I missed the Monday practice because of a cold. I'm not ready to push myself into playing when sick, and the rest did me well. Wednesday I was ready hit the ice, or at least I thought I was.
I've had nothing but good experiences the past two weeks on ice. I had no reason to not expect it to continue. But I felt I just didn't do well at practice. My skating was a little bit off, and my stick handling was atrocious.
Part of it was I believe mental. A goalie made a comment, and I took it the wrong way. I make similar comments all the time, and I do it in jest. I don't know why it bothered me so much. It eventually ended up me being angry instead of challenged after that. I was more focused on impressing than improving. A bad approach in that situation.
The scrimmage went poorly as well. I felt completely out of shape. I know I hadn't skated in a week, and that is my own fault. Stupid Thanksgiving. I played on the blue line, and I just felt out of place. Any time a winger would come down the ice, I'd let him come down, instead of keeping him to the outside. I'm also not very comfortable going backwards.

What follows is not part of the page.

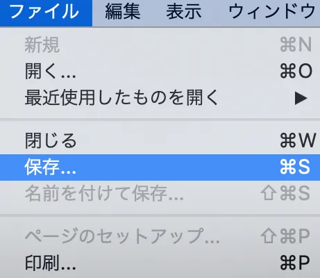ファイル→保存、または Command(⌘)+Sキーを押して、保存します。

After the first shift or two, I noticed I was having a bad night and was determined to work to turn it around. Bad move. I ended up tripping a guy (but he deserved it - let us take it out of our zone when you're playing scrimmages like we were). I also used my body in a good way along the boards to prevent the puck from coming any deeper into our own zone. It was too rough of a play though for the situation.
My skating has improved. I've been reading a little bit about power skating, and I can feel a difference. I won two key battles to loose pucks because I was the faster guy. But I couldn't control the puck at that speed to get it off the boards, or to stop and take control. Big issue.
I did make improvements on stopping though. In the skate around I focused on that for a little while, and I could feel myself do it right. Stumbled a lot, but it is part of practice.